Dive Brief:
- Skechers U.S.A. reported record sales of $2.41 billion in the first quarter of 2025, representing a year-over-year increase of 7%, according to a Thursday earnings report.
- Wholesale sales rose 8% to $110.5 million and wholesale volume rose 9%, while the average wholesale price declined 1%. DTC sales grew 6% to $49.5 million, with channel volume up 6%. DTC’s average selling price dropped 0.3%.
- The company pulled its previously released annual 2025 guidance and said that “due to macroeconomic uncertainty stemming from global trade policies,” it would not provide financial guidance at this time.
Dive Insight:
Despite overall positive earnings, Evercore analysts led by Jesalyn Wong said in an emailed note that the company pulling its guidance was likely to set a precedent for the Q1 earnings season.
“While understandably challenging to provide clarity on the [profit and loss] impact given how uncertain tariffs policy has been, we had hoped that [Skechers] would provide more details on the flow of the products shipments,” Wong said.
Wong added that knowing the number of Skechers products shipped from China to the U.S. would be particularly helpful for understanding how different scenarios and sensitivities could play out. “The lack of clarity is likely to keep investors on the sidelines in the near term,” Wong said.
The company’s sales in the Asia-Pacific region were down 3% in the first quarter, including a 16% decline in China.
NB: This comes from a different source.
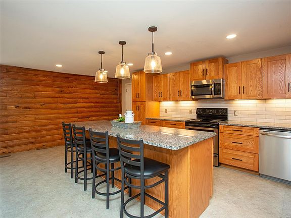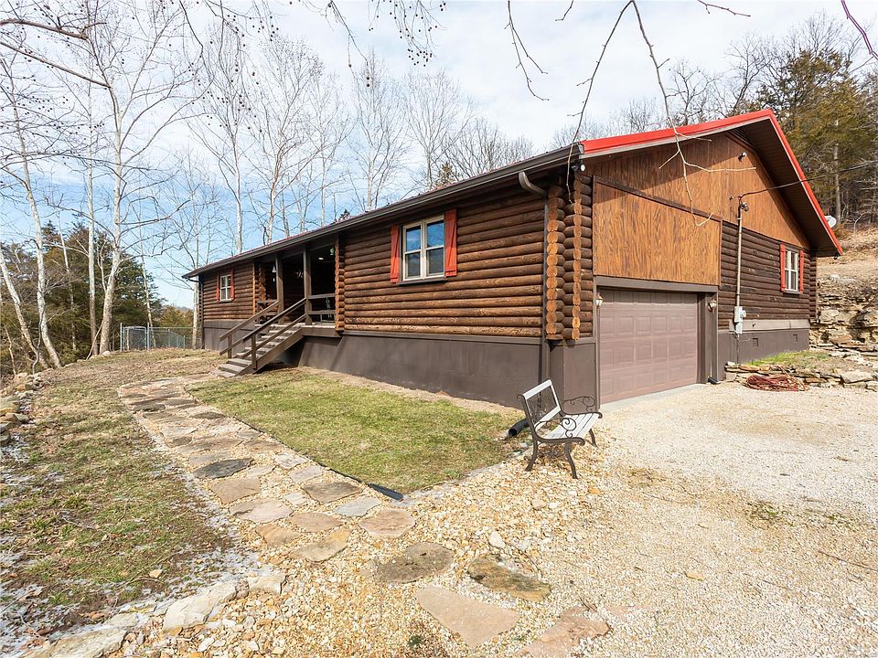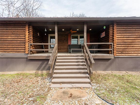 Gorgeous log cabin!! Looking for acreage for horses, great hunting & your own personal creek? Well.. all of that & more is right here! This 2500+ Sq ft log home is nestled quietly in the middle of approximately 12 acres & is about a 70/30 mixture of pasture & woods. Enjoy beautiful sunset views from your covered front porch or listen to the rain bounce of the new metal roof. The new kitchen has numerous cabinets w/ the soft close feature, an 8 ft center island/breakfast bar, custom lighting, farmhouse stainless sink, & new stainless steel appliances. New Porch soffit, lighting and fan in 2021! All flooring except the family room is either luxury vinyl tile or laminate. Don't miss the newer high efficiency HVAC, the wood boiler that is alternative for heat and hot water and clean as a pin 4 ft crawl space. New detached garage w/ lean too installed in July of 2021. The garage has RV hook up, insulated garage doors, waste oil furnace and enough room to drive completely around it!

That regional downturn was offset by a 14% sales uptick in the region comprising Europe, the Middle East and Africa and an 8% sales increase in the Americas.
David Weinberg, chief operating officer of Skechers, said in the release that the company believes it has significant growth opportunities in China, and Skechers plans to continue its investments in product, marketing and infrastructure there.
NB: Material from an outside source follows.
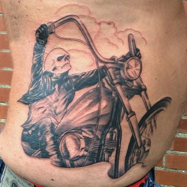 男生腹部黑灰素描点刺技巧创意霸气摩托骑手纹身图片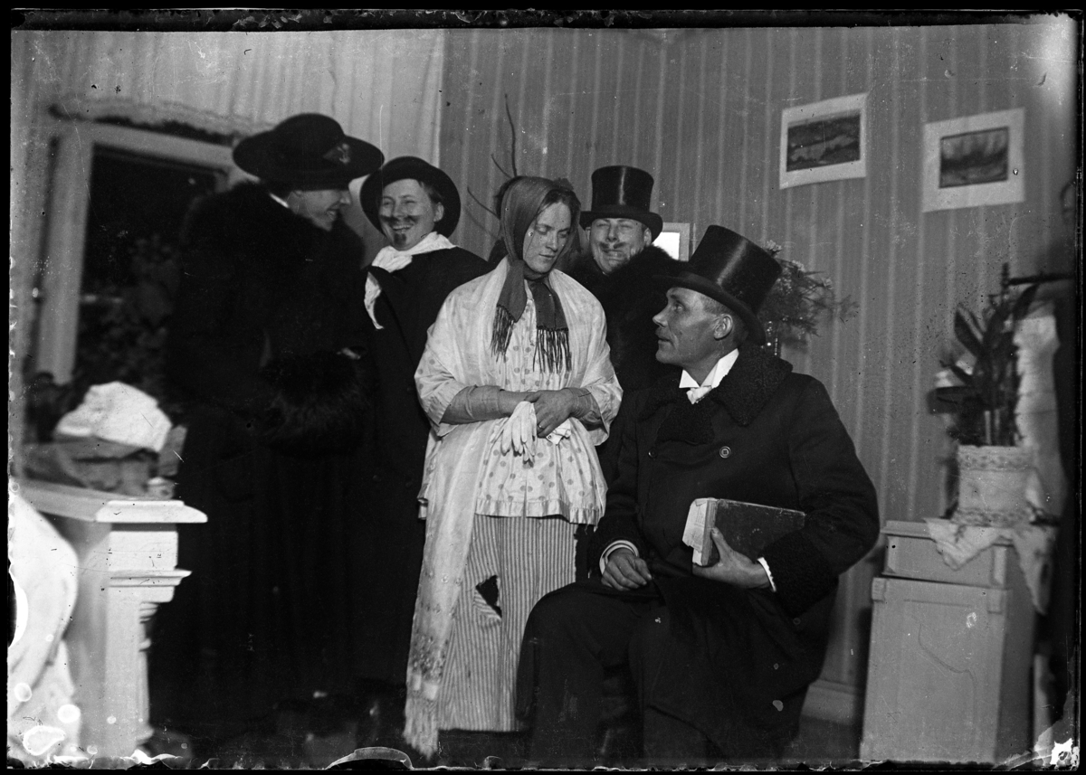 Fyra män och en kvinna utklädda, troligtvis inför maskerad eller teateruppträdande.

Meanwhile, CFO John Vandemore said Skechers was confident in its ability to navigate the current market challenges.
“[We] know that our proven track record of managing this globally diverse brand with a unique and compelling product portfolio focused on delivering style, comfort, quality and innovation at a reasonable price will enable Skechers to endure and likely thrive during this time,” Vandemore added.
However, supply chain challenges could have an impact on the company’s bottom line, depending on how the current tariff situation plays out, said Wong.
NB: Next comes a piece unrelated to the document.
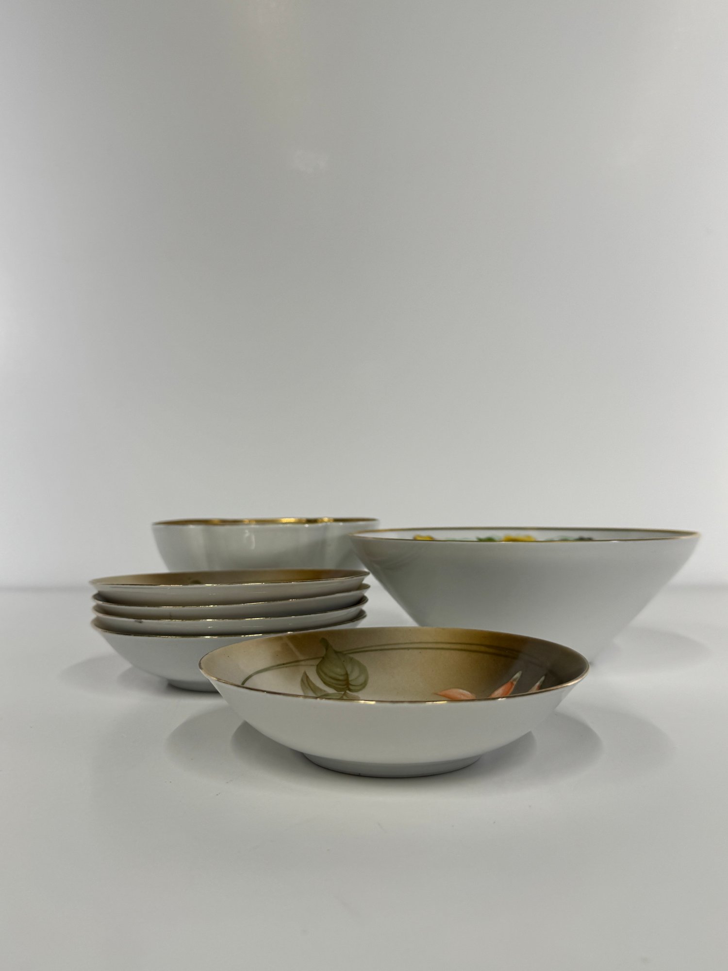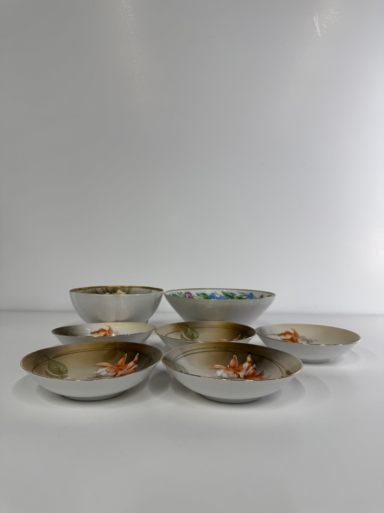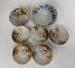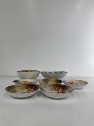 A collection of vintage German porcelain bowls featuring hand-painted floral designs.

“Any announcement to ease China tariffs will be a major catalyst” for Skechers, mainly because between 40% to 45% of its softlines are manufactured in China, Wong said.
Wong added that the majority of Skechers’ kids’ footwear products are made in China, and Evercore channel checks suggest that shipments from China to the U.S. have been halted.
“Should current tariffs situation/rates persist, Vietnam is unlikely to be able to replace the lost volumes on this segment,” Wong said. “We also understand that there is a slight premium in pricing for products made in Vietnam vs made in China.” Wong said that while shipping costs are relatively similar from both countries, shifting production toward Vietnam “in a meaningful way” could potentially impact Skechers’ margins moving forward.